Chapter 14.

 

Jared

 

 

Trudy was Jared's lawyer. She was the one he talked to when a legal question arose for himself or for a client he needed to help. But at the beginning she herself was one of his clients, and she remained a client until he retired from the Agency.

They were both around twenty-five when she called the Agency to hire a representative. She did this because she believed she would never find a lover in the ordinary way. She was not convinced that even a man hired for the night would be willing to stay with her. Just to be sure he would at least show up, she would not send a holo of herself, or allow the viewing function on the phone where someone could snap an image.
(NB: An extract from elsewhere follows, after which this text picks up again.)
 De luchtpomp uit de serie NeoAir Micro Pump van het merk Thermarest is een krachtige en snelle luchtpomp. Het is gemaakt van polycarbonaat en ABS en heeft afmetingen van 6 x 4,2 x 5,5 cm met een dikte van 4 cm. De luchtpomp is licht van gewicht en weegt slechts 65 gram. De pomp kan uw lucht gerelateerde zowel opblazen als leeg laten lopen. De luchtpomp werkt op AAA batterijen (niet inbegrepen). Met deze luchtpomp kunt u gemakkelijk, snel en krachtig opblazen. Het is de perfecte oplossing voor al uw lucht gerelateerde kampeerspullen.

And yet she had the most beautiful face, he thought from the first, clear perfect complexion, sensuous red full lips. And she had the loveliest eyes he had ever seen, incredible eyes, deep pools of liquid brown-gold, framed with long dark lashes. He had seen all sorts of cosmetic, pharmaceutical, even surgical lash enhancements; he would have bet serious credits on these lashes being genuine.
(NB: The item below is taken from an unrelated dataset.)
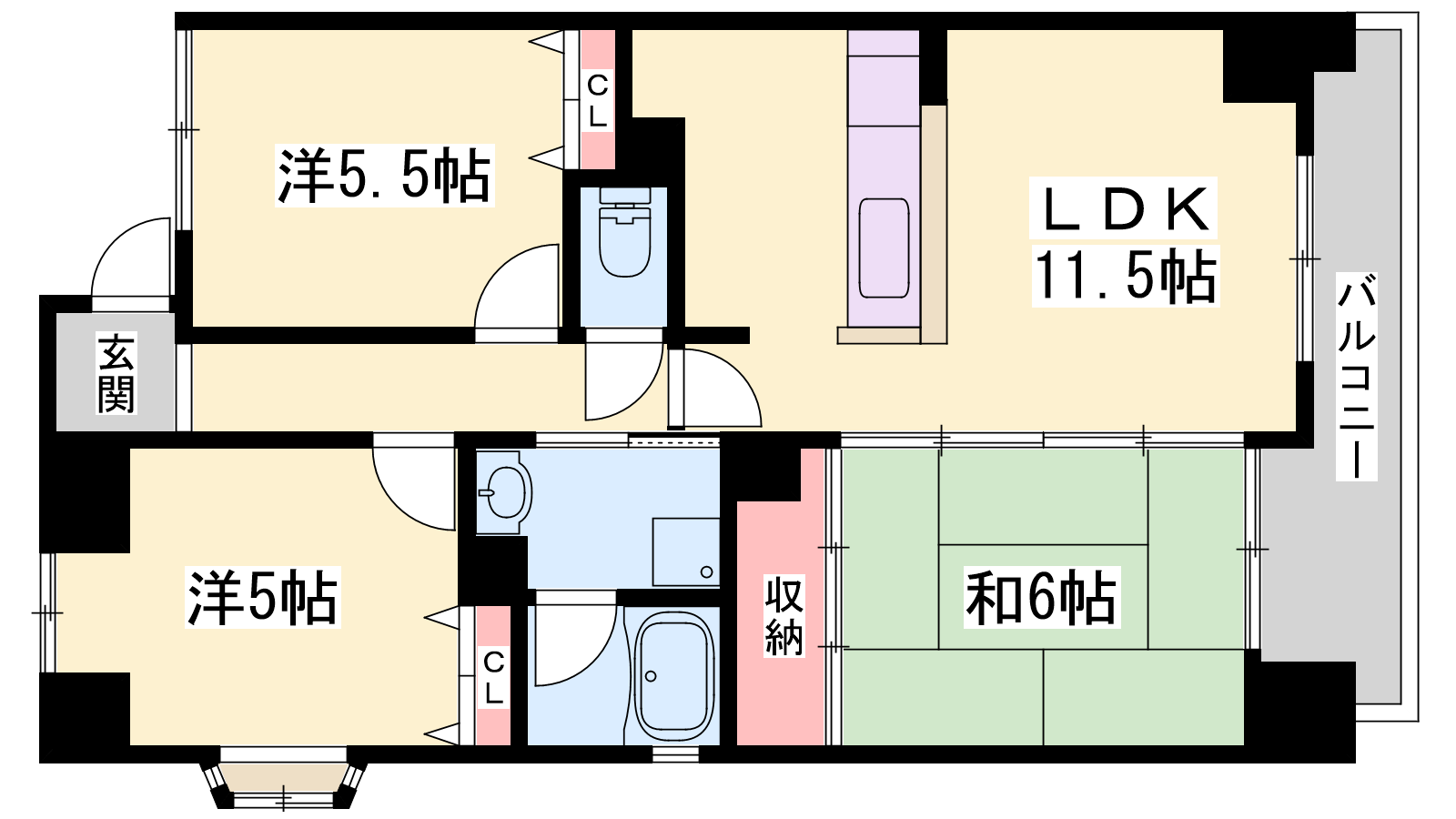 - LDK11.5帖、洋室5.5帖、洋室5帖、和室6帖

She came up about to his shoulder, and she weighed perhaps twice as much as he did. To put it bluntly, she was huge.

And yet she was attractive, and, her mind available to him, he saw what her weight disguised. She was probably the most sensuous woman he had ever met; there was nowhere he could touch where she did not respond, nothing he could do that did not excite her. And this in turn excited him, as it flattered him, although he knew it wasn't his skill; it was the way she was made.

She had no experience. She did not have the confidence to seek a relationship. "I don't know what I'm supposed to do now," she said that first evening.
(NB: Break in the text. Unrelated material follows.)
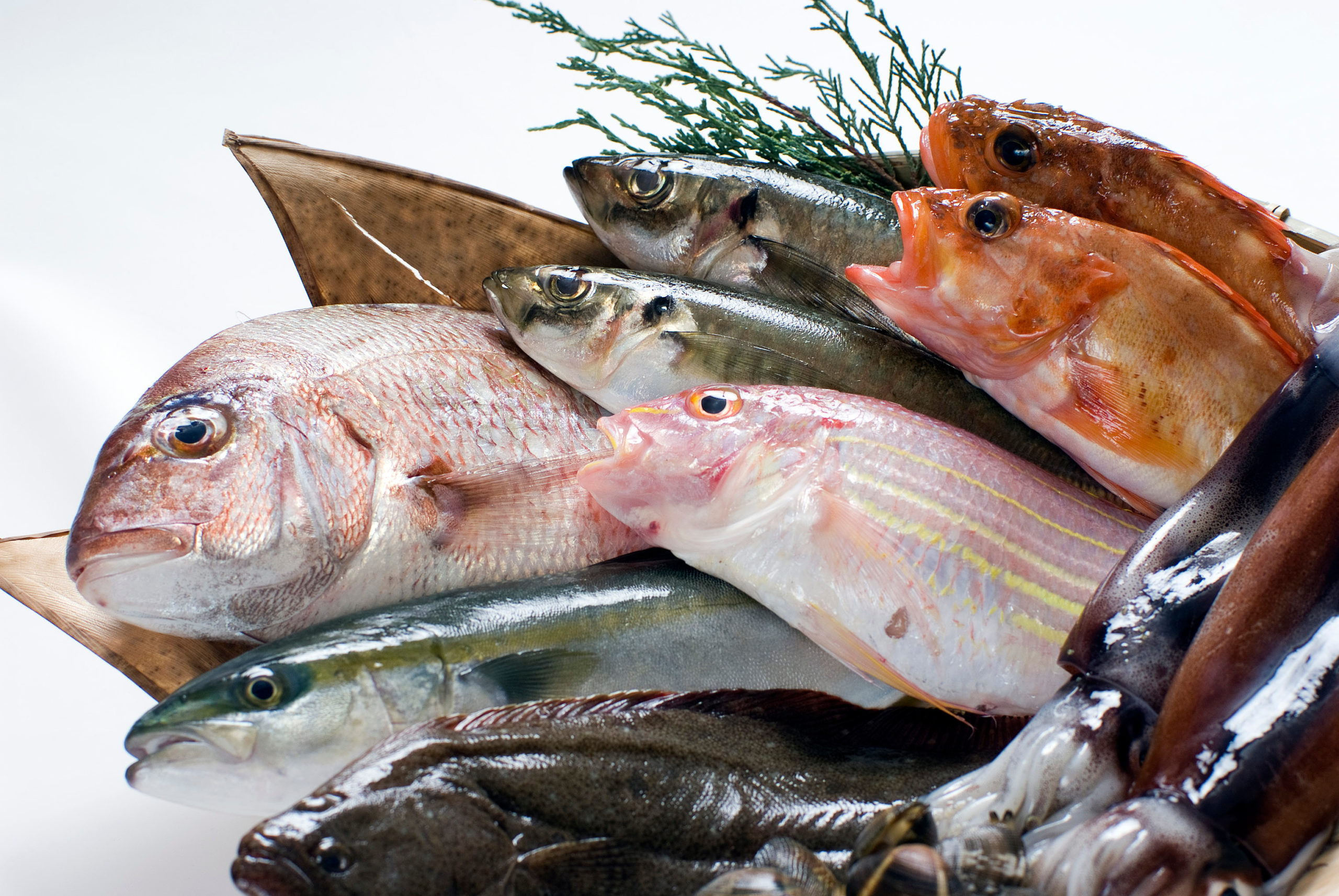 毎日市場に届く、鮮度の高い魚類、甲殻類、貝類、海藻類、

"Come here.". He drew her into his arms. He had long arms. She fit, and her body was warm and luxuriantly bountiful against him. "Just leave it to me," he said.

 

It would be a mistake to confuse sex, even phenomenal sex, with romantic love. And Trudy had her own past and her own fears; he never would know the details, only that there had been love and hope and massive rejection. She did not really believe in love now. He did; he had it, and although he was fond of Trudy, she would never be Maud.

So there would not be romantic love, but there were other kinds of love. Jared liked her mind, the way she collected, ordered, and bent facts to serve her needs; she had a strong sense of right and wrong underneath these legal gymnastics, and he could, through her, glimpse how the law could be made to serve the cause of justice, whether or not it was in itself just. And he liked the nimble way she could assemble a solid argument out of next to nothing; he thought if he were ever in legal trouble, he would feel very safe relying upon her.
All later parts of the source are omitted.